Kernel Log: x32 ABI gets around 64-bit drawbacks
by Thorsten Leemhuis
"x32 ABI" promises to take advantage of the benefits of 64-bit x86 processors without suffering from the overhead in 64-bit operation. At present, maintenance at Kernel.org has slowed down kernel development. Some kernel hackers are demonstrating their sense of humour with a Linux logo reminiscent of Windows 3.1 and a rickrolling kernel module.
On the LKML (Linux Kernel Mailing List), Intel developers H. Peter Anvin and H.J. started a discussion about system call numbers for an x32 ABI (Application Binary Interface). A program compiled for this ABI runs in the 64-bit mode of x86-64/x64 processors but only uses 32-bit pointers and data fields. This approach promises to get around the overhead that the 64-bit mode normally entails because a lot of commonly used applications do not need any 64-bit pointers and data fields. An x32-ABI could then use only 4 GB of RAM but still address the entire x86-64/x64 registry and such technologies as the SYSCALL64 interface, which are not available in the 32-bit compatibility mode that x86-64/x64 distributors currently use to execute x86-32/x86 applications.
The x32-ABI thus promises to take advantage of the benefits of x86-64/x64 processors while getting around some of the drawbacks of 64-bit operation. Applications would then run more smoothly, as the x32 ABI homepage explains. But there is only a handful of measurement data, and GCC support for the x32 ABI does not yet use some optimisation options, which makes it hard to compare the results.
Linus Torvalds was, however, not satisfied with some aspects of kernel support in x32; for details, see the LWN.net article "The x32 system call ABI". Fortunately, solutions seem to be on the horizon for a few of the problems discussed there.
The x32 ABI homepage talks about a number of packages that add support for the new ABI to the current Fedora, but these packages are not reachable at the moment because of maintenance at kernel.org. Time will tell whether common Linux distributions for x86-64/x64 systems will natively support the x32 ABI. The main people interested in this mode will probably be X86-embedded developers as x86-64/x64 kernels are increasingly becoming interesting for them for the simple purpose of addressing more than 4 GB of RAM. At the same time, they want to avoid the 64-bit overhead if possible because x86-embedded CPUs are not as powerful as the CPUs in the current desktop PCs and notebooks.
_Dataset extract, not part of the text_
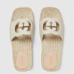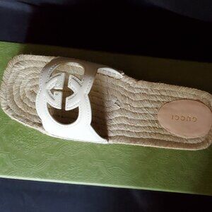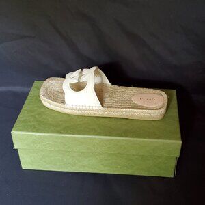 NIB Gucci cut out interlocking G logo espadrilles sandals ;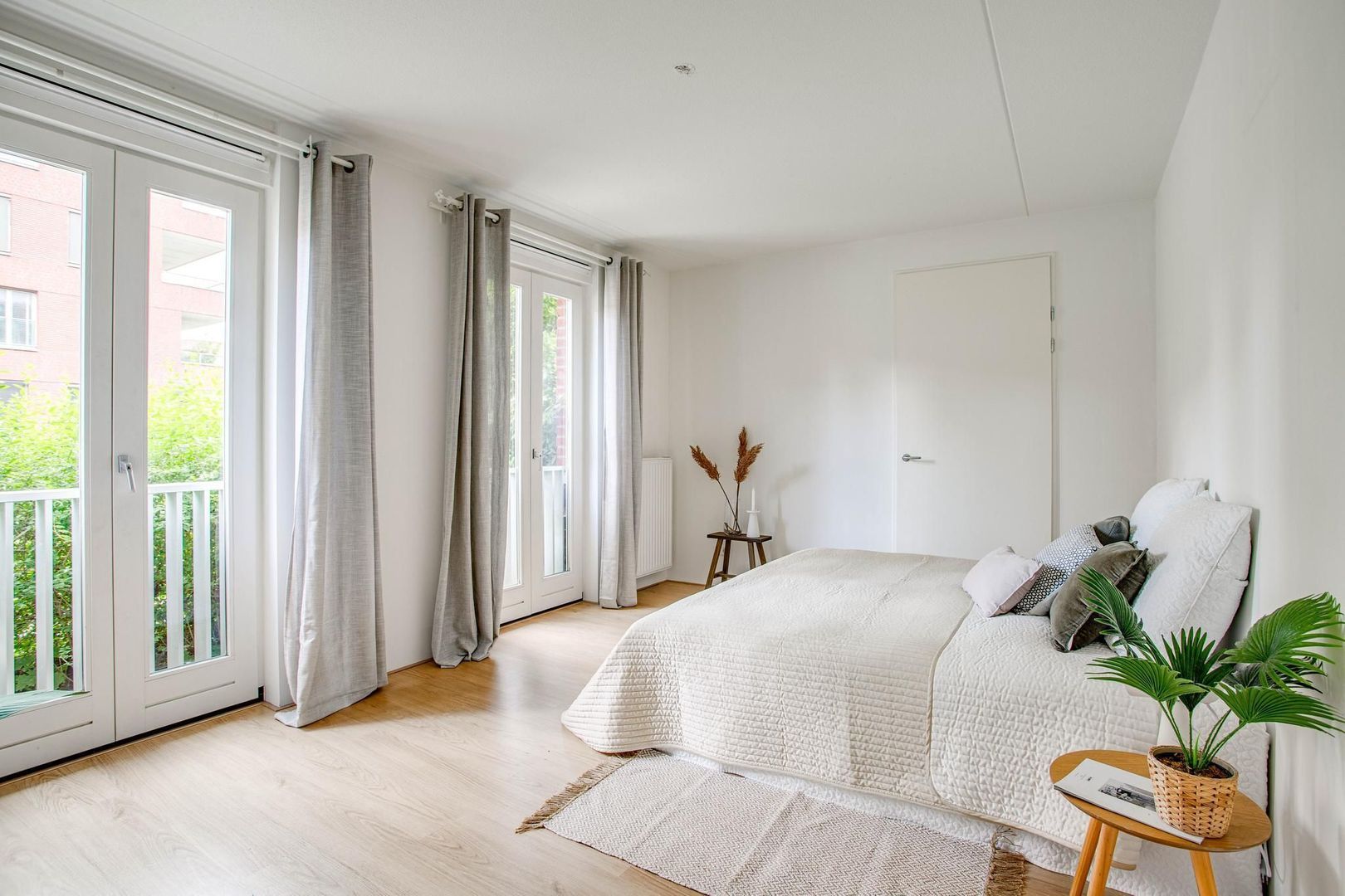 Het appartement beschikt over twee slaapkamers. Beide slaapkamers hebben een fijn formaat en zijn voorzien van een frans balkon. De grote slaapkamer geeft toegang tot een ruime inpandige inloopkast/berging. Dit is de ideale plek voor het opbergen van spullen.

At the end of August, Greg Kroah-Hartman released the stable and long-term kernels 3.0.4, 188.8.131.52 and 184.108.40.206 as expected. In the release email for 33 series kernel, he emphasised that this kernel series is mainly being maintained for developers of the RT branch. The real-time kernel is currently based on 2.6.33 but will switch to Linux 3.0 soon; Kroah-Hartman has indicated that maintenance of the 33 series will then be discontinued.
Linus Torvalds broke the recent trend and did not publish a new release candidate of the next kernel version for the main developer branch over Sunday night and Monday morning; late Monday night, he did tag an RC6 but didn't announce it. Overall, kernel development has slowed down a bit since the break-in at Kernel.org. Initially, the servers were still providing the data they stored, but since the middle of last week kernel.org has displayed only a notice that it is currently under maintenance. Information stored at kernel.org, such as the error database, wikis, and other things, are therefore no longer reachable, which has hampered development. To make matters worse, there has been trouble with the DNS, leading to problems for a number of mailing lists, such as LKML.
Emails at LKML show that Torvalds is now also focusing more on where he will get the changes that he puts into the main development branch. In this context, he also confirms that he wants to rethink current work procedures in light of the break-in at Kernel.org. He emphasises that he places great store on personal relations, often even more than on technical solutions. In a few tongue-in-cheek remarks in the release email for Linux 3.1-rc5, Torvalds tried to make it clear that users should not trust every source that offers Linux source code and patches.